Thursday, December 17, 2009

Getting better...for real!

Sorry it has taken me so long to post, again, esp. after that last post. A lot has happened. Today is the tenth day since we bumped up the zoloft to 50mg. A friend's psychiatrist told her it takes ten days to feel anything and thirty for it to really kick in. I can definitely feel the difference and I know Rog does, too.

I have had some rough days in between and a few attacks, but not like before. The worst, most recently, was the morning we went to meet our new doctor. I didn't slept the whole night, I was so nervous. Xanax didn't even make a dent and I didn't take another all night because I didn't want to be groggy when we met her. I was rushing around, trying to get ready, voicing my fears when Rog told me to take another one. I think he thought we might not make it out the door, I was so anxious. Part of it was because of the weather. We'd had several inches of snow, which is very unusual for here, and the roads were still packed with ice. We'd also had record-breaking lows of 10 below. We had to go in his big pickup truck, plus our driveway was packed with snow-ice. I fell on ice once and broke open the back of my head, so I do NOT like walking on it. Wearing my Birkenstocks with Rog carrying my oxygen bag, we crept out to the truck. Finally, we got to the truck, he opened the door, and set a small plastic step-stool down for me; otherwise I couldn't get in...my 5'2" just won't reach. I was even afraid to step up on the stool, it was so icy. By then, I was sure we were going to be late. With Roger's help, I managed to get in and settled. As it was, we walked in the door right at 8a, our appt. time!

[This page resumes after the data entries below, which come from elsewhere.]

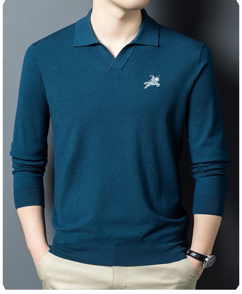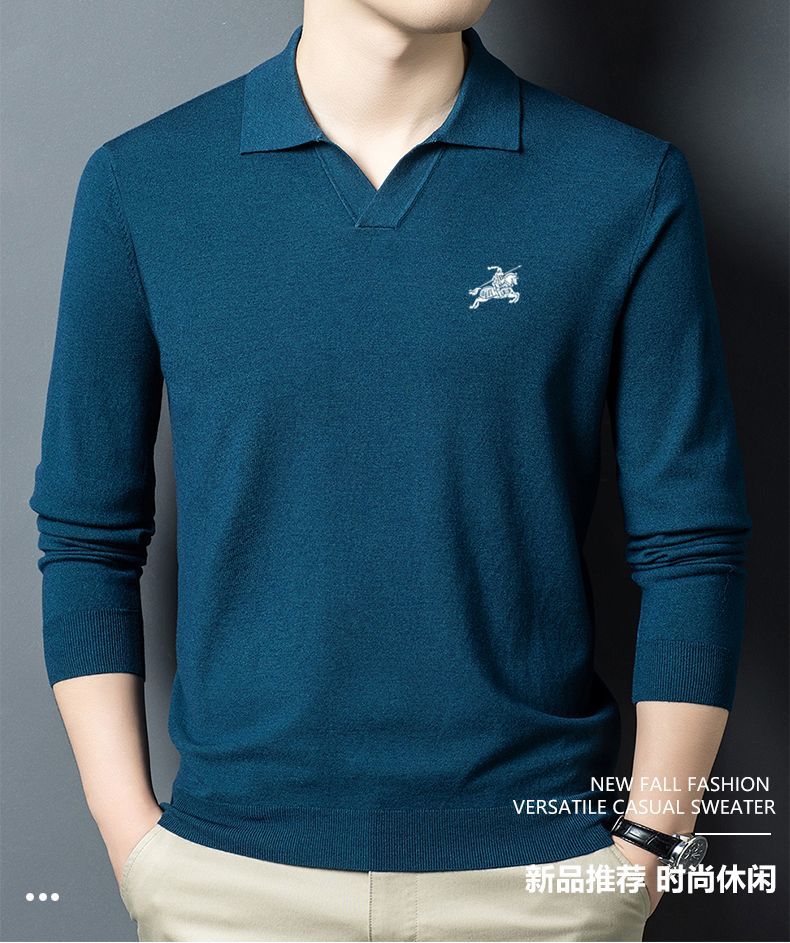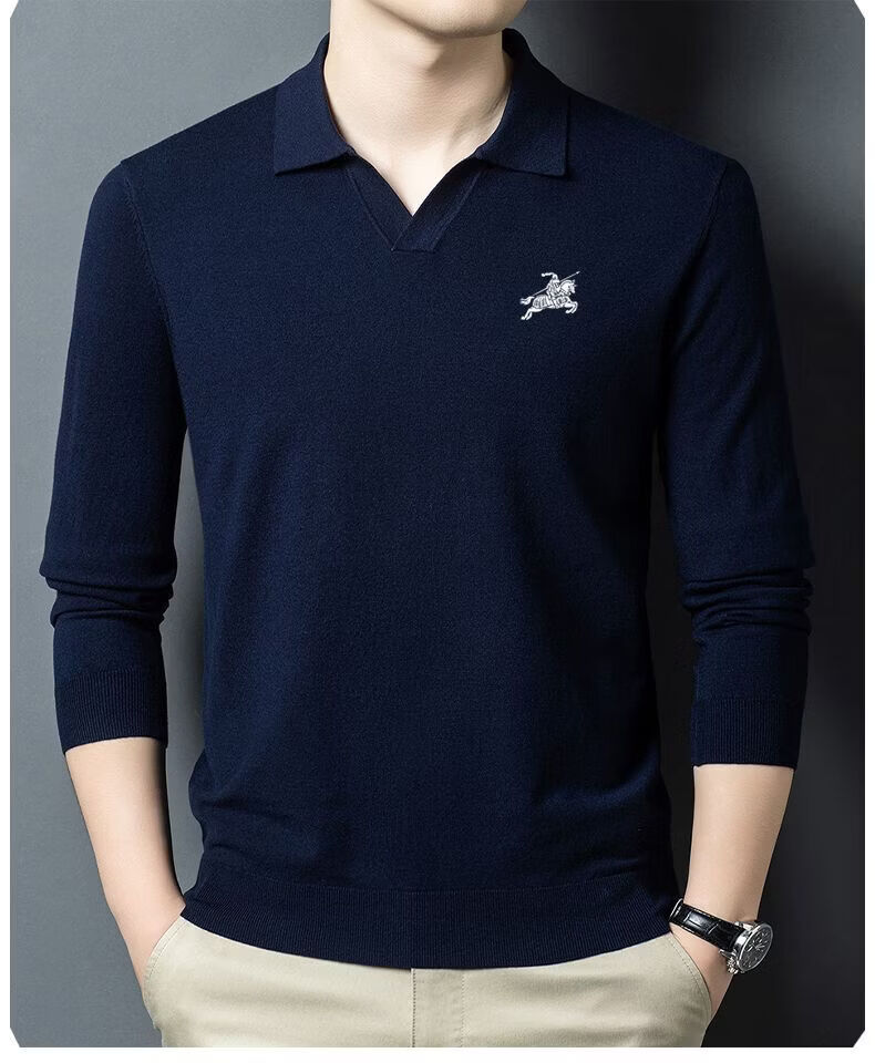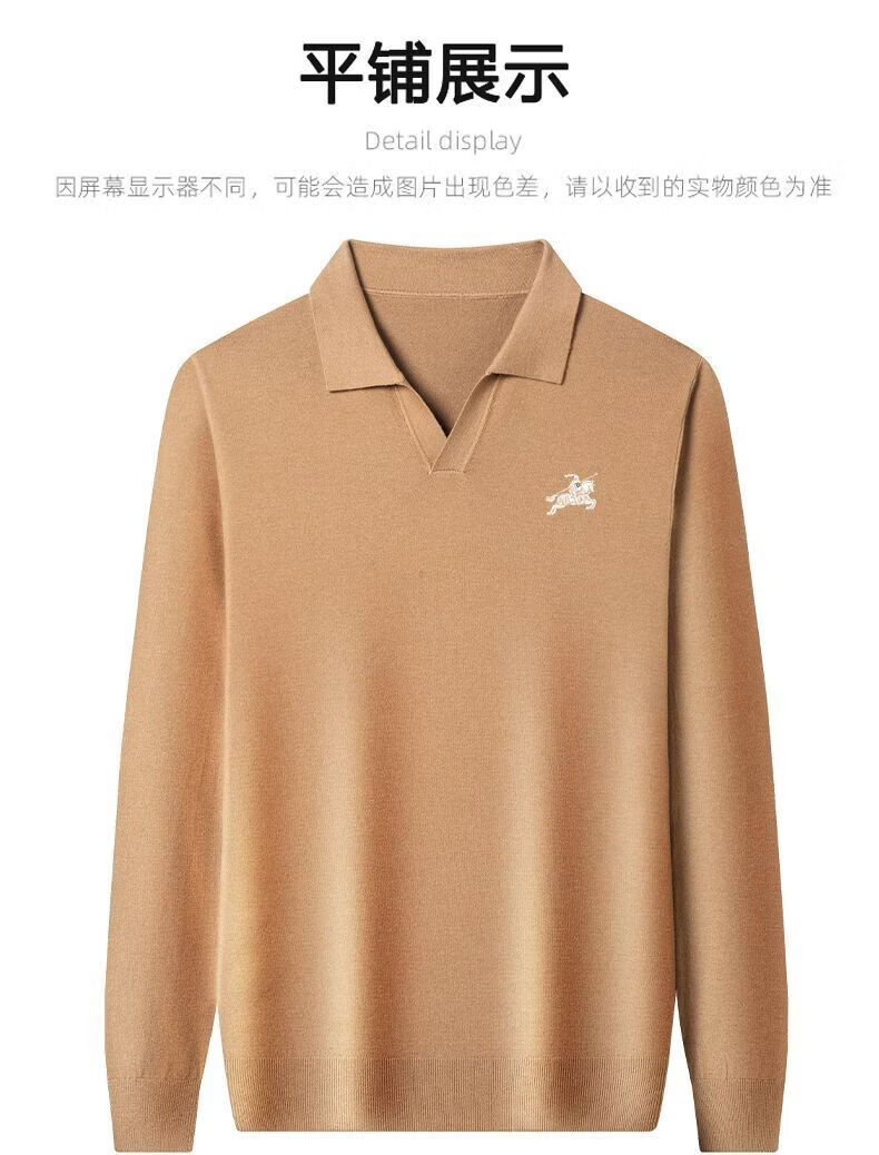 B PRORSUM Burberry Men's Autumn and Winter New Wool Sweater Men's Lapel Casual Warm Basement Pin Pearl White XL 135-155Jin Jin is equal to 0.5 kg
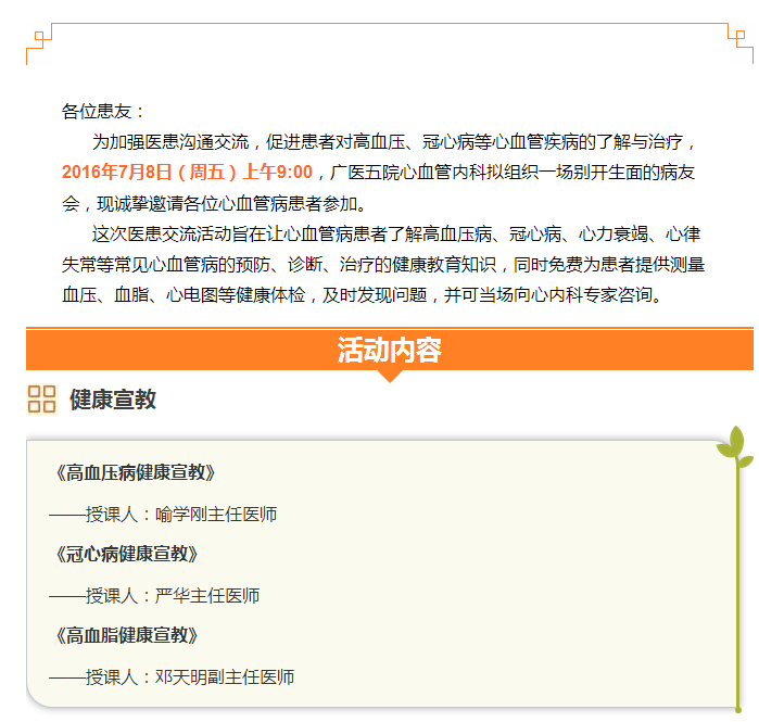 【诚邀】健康咨询、免费体检样样有,广医五院心血管病友会欢迎您!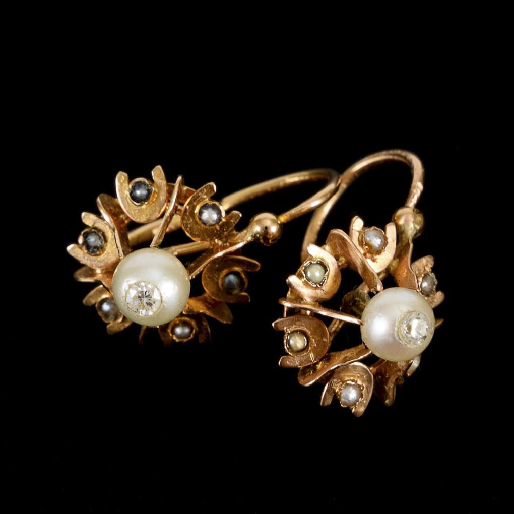 Flower brisure with small diamond in cultured pearl surrounded by seed pearls, on bail bar.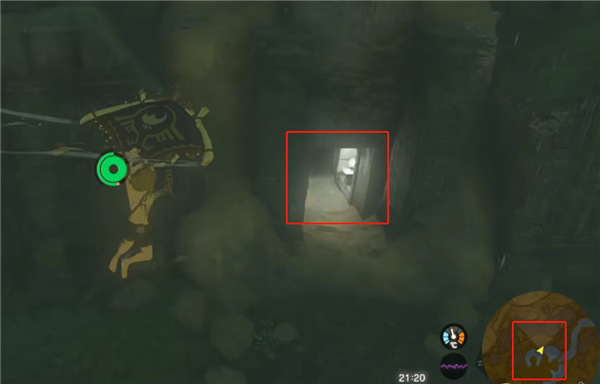 出洞口继续沿着河流走,发现第三个洞口,进入后砍断门口的藤蔓,在高台上的宝箱里就能发现雷光头饰。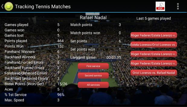 Tracking Tennis Matches allows to manage your own statistics of tennis matches. Create your players, play with him and track their matches as you want.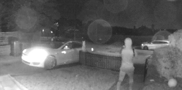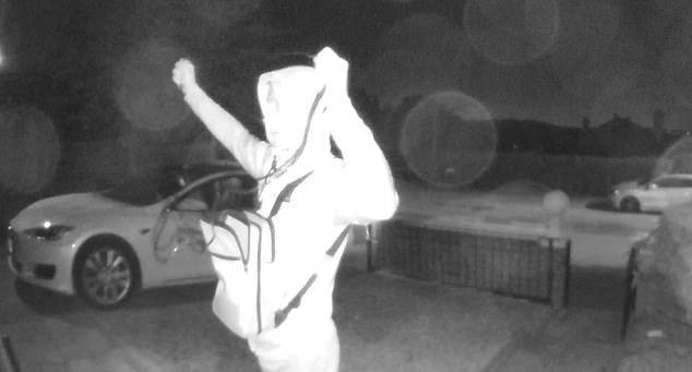在简短的视频中,可以看到其中一名窃贼穿过花园大门向房子走去。这名戴着兜帽的男子脖子上戴着一个电子背包。他手里拿着一根铁丝,把它们举过头顶,朝房子走了最后一步。与此同时,汽车的前灯闪烁了,表示现在已经解锁。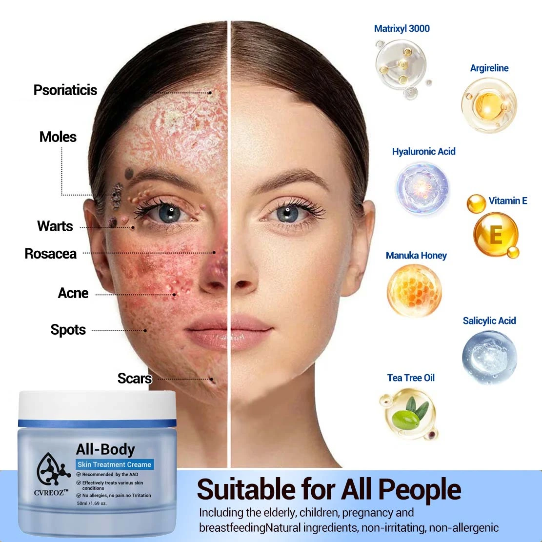 Our luxurious cream combines salicylic acid, manuka honey, and hyaluronic acid, effortlessly penetrating just below the skin’s surface to lock in moisture and boost collagen production while revitalizing skin cells. Experience the magic as it helps fade scars and imperfections, repairing skin damage from pregnancy, surgery, injuries, acne, C-sections, and signs of aging. Scientifically formulated to soften and soothe dry, itchy skin and sensitive skin types—including eczema, psoriasis, dermatitis, and rosacea—this cream brings you relief and comfort. Transform your skin and restore your confidence with every use!
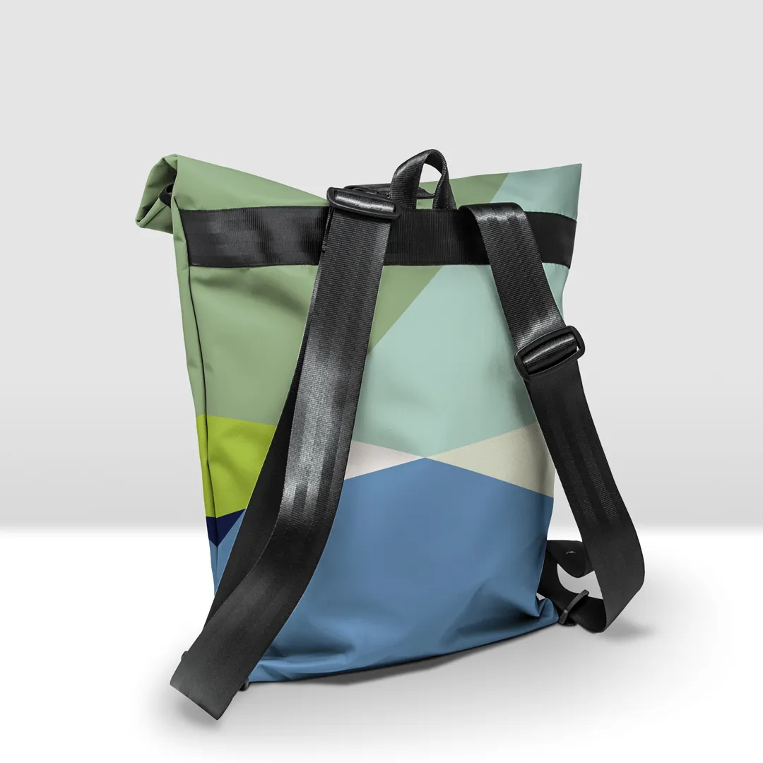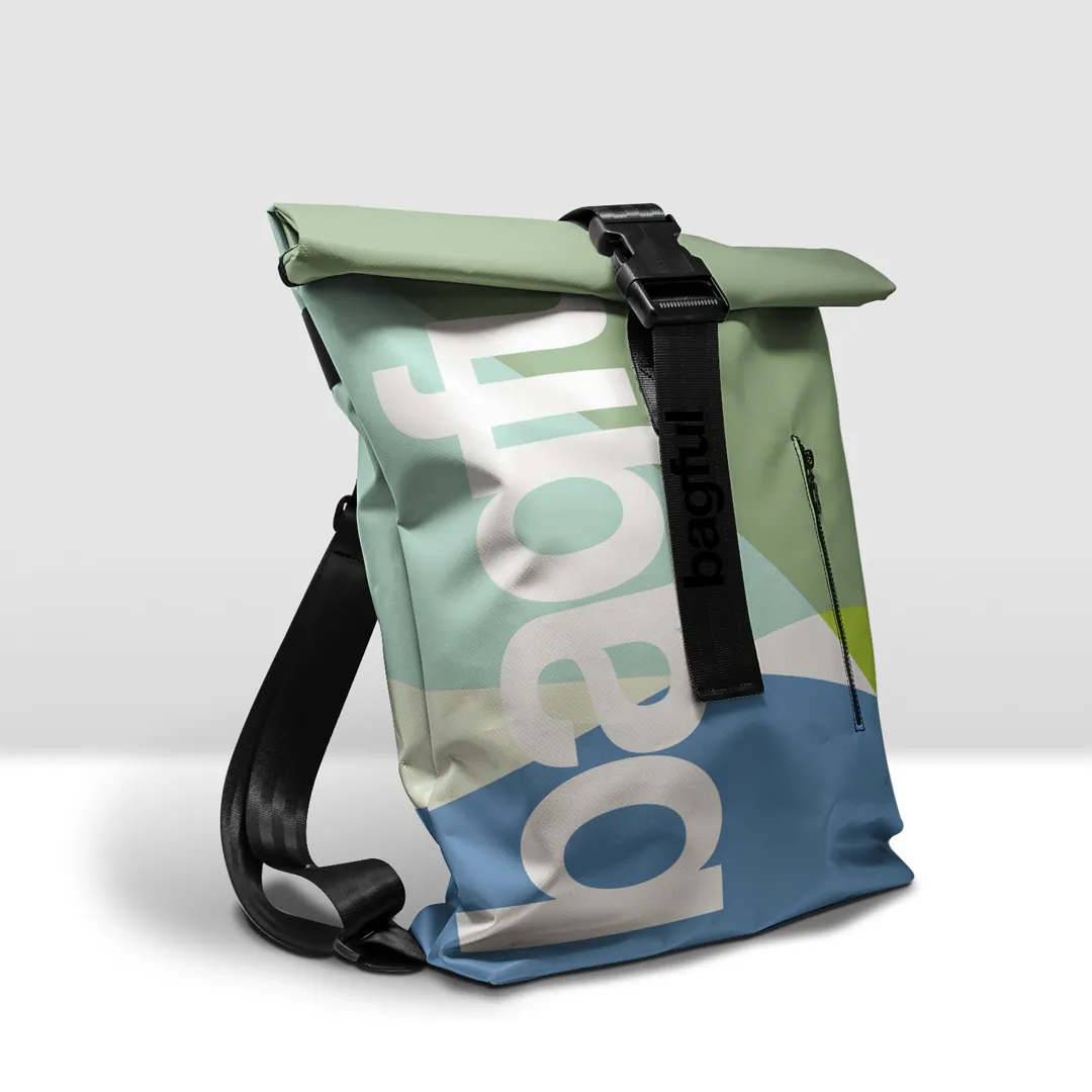 Stampato in banner PVC 560, tasca con zip pressofusa e imbottitura nello schienale e nel fondo.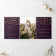 Programa Tri-Fold de Casamento Fotográfico de Confetti Dourado Roxo com fotos à frente e atrás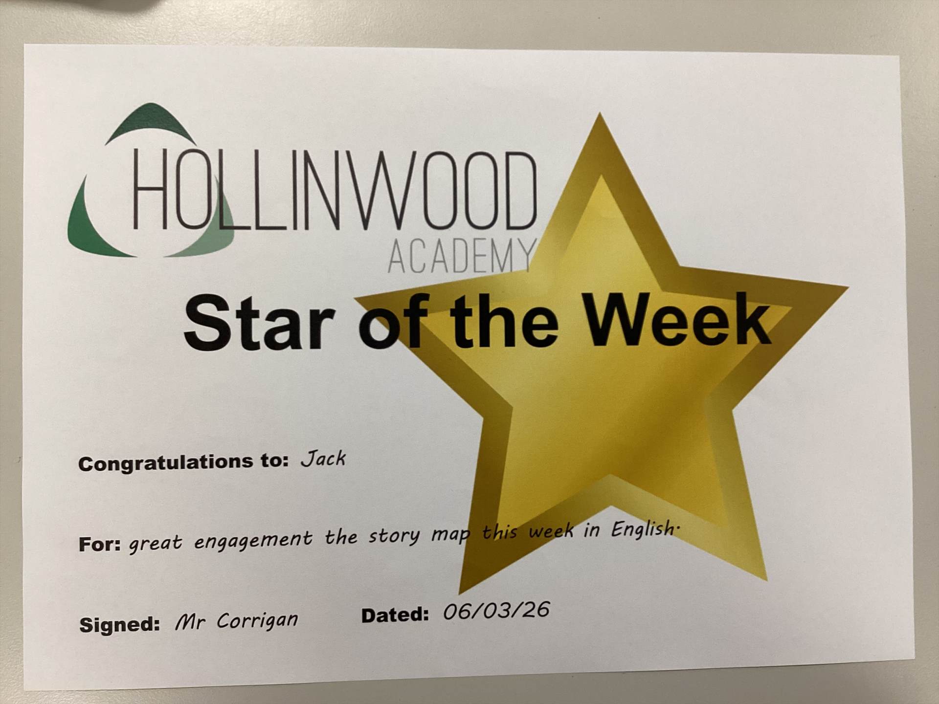 Miss Boothroyd’s STAR of the Week is Nico for his improved positive behaviour this week.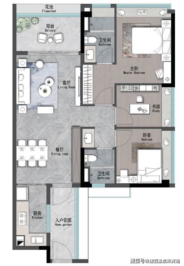 项目约45万m²大体量,涵盖住宅、主题园林、下沉式水景、幼儿园及九年一贯制学校、精品市场等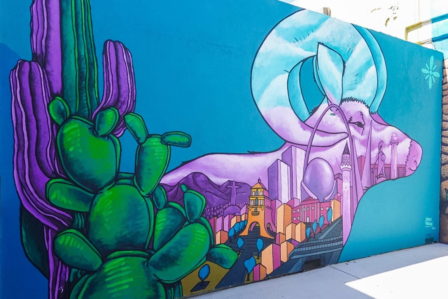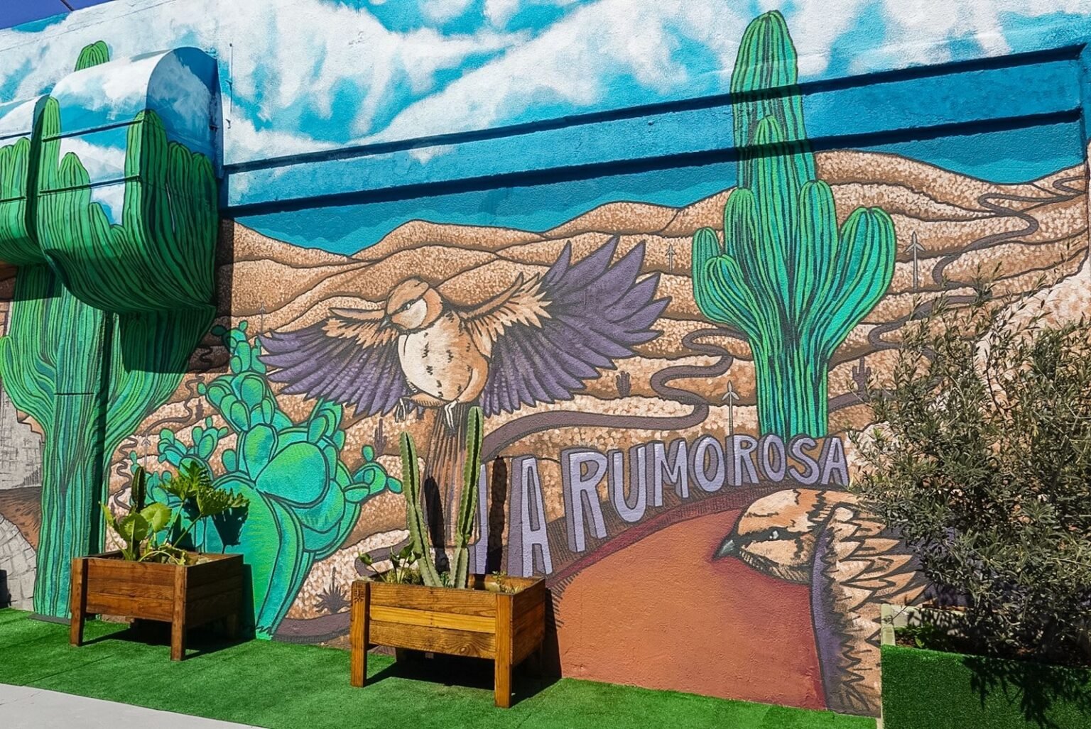 El artista Javier Farrera realizó un mural en la Plaza 5 y 10, ubicada frente a la clínica 20 del IMSS, con el objetivo de acercar a la ciudadanía a uno de los paisajes más emblemáticos de Baja California, La Rumorosa.

After filling out papers to have our records transferred (YES! No more bully doc for us!), they took us in a room to take our vitals, then told us the doc was late as her kids' school bus wouldn't start and she had to wait with them until another came. We didn't have to wait too long and by the time she came I was settled down from the xanax and relief to just be there.

She is very nice, astute, asked a bunch of good questions and, most importantly, she listened well. When I said something about our old doc, by name, she looked me in the eye and said she'd been a partner of his. I wasn't sure whether to say, "so you know" or ask if that would be a problem. Before I could decide, she said they'd "had their differences" now and then. So I knew she knows what I meant. I told her I put great credence in what a doctor tells me, if I trust them, and everything I hear goes straight to my heart, so I need a doc who will be careful how they phrase things and also one who will give me credit for knowing my own body. I elaborated a bit on what happened when the bully didn't do so.

We took care of prescriptions, she examined Rog and asked him questions, too, then told him he didn't need to come back for six months and I needed to see her in three, as long as we were doing okay. I felt so relieved and we were both impressed and pleased. After waiting so long to do something about getting a new doc, then going through with it made me feel so good.

One of the main ways I know the meds are helping is I have noticed a BIG difference in Roger. What it must've been like for him all this time, living with me being depressed and not even knowing it...just being crabby, etc., well, yes and genuinely ill, at times. Anyway, I feel I am getting my husband back. He had withdrawn and spent much time on his computer, still does, but now we talk, really talk and laugh and discuss and enjoy one another's company, again. I am not whining to him the minute he walks through the door, begging him to rub my shoulders, feed me, and/or talk to me. That one always gets him. He'll say "what do you want to talk about?" I'd say, "Anything, just talk!" Well, a girlfriend will understand...we just think differently. I do know, though, that a part of his frustration was my the depression and the effect it has had on both of us. So for now, I will say, I still feel fragile, BUT much better and I have some joy back in my married life which is really wonderful. I know I have a long way to go, but I keep getting these neat glimmers of who I really AM and can't wait to get her back!